* **Exercise objective**: What you should copy is the line containing "চাঁদপুর জেলা লিগ্যাল" and all lines after it in the entries below, exactly and without anything added.

(Beginning of Exercise data)

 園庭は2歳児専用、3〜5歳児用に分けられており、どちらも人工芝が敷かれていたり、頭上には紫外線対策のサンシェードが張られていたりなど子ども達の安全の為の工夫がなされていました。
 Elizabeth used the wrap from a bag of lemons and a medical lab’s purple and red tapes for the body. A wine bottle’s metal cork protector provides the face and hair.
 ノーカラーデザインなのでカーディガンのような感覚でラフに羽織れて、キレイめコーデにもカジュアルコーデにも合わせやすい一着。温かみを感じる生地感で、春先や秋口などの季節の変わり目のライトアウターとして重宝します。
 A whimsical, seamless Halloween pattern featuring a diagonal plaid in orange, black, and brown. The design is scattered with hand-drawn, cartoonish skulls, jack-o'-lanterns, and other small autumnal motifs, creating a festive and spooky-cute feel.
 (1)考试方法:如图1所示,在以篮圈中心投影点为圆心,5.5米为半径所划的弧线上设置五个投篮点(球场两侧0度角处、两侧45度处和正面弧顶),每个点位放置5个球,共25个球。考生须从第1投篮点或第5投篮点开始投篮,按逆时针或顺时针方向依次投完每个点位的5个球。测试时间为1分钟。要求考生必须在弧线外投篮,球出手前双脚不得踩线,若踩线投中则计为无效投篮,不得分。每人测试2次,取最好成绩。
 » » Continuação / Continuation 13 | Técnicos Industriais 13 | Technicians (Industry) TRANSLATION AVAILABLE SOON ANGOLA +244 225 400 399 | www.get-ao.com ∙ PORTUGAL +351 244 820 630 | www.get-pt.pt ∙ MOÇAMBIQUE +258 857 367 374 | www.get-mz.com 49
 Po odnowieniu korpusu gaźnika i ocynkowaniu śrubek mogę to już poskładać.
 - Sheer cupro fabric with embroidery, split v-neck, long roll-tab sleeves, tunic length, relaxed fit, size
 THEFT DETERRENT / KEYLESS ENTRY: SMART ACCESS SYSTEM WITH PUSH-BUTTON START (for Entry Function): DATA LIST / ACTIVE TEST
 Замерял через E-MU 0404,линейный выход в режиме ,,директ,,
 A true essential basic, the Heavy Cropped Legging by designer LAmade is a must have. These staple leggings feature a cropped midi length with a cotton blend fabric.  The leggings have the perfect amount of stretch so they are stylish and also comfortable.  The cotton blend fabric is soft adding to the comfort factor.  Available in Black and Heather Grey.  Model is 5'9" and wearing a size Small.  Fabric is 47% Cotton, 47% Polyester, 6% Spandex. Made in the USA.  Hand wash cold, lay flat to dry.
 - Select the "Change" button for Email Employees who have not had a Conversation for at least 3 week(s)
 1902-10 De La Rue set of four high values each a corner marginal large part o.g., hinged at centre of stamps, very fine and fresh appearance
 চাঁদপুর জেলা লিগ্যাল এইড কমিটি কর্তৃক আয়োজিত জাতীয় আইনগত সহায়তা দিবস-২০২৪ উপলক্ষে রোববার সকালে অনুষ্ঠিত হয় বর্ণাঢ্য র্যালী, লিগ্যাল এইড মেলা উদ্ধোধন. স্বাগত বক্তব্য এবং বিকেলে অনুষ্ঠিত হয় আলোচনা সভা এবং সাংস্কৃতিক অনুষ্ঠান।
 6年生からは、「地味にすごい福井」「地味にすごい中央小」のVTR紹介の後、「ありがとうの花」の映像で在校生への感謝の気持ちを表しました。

(End of Exercise data)

* **Task output**:
 চাঁদপুর জেলা লিগ্যাল এইড কমিটি কর্তৃক আয়োজিত জাতীয় আইনগত সহায়তা দিবস-২০২৪ উপলক্ষে রোববার সকালে অনুষ্ঠিত হয় বর্ণাঢ্য র্যালী, লিগ্যাল এইড মেলা উদ্ধোধন. স্বাগত বক্তব্য এবং বিকেলে অনুষ্ঠিত হয় আলোচনা সভা এবং সাংস্কৃতিক অনুষ্ঠান।
 6年生からは、「地味にすごい福井」「地味にすごい中央小」のVTR紹介の後、「ありがとうの花」の映像で在校生への感謝の気持ちを表しました。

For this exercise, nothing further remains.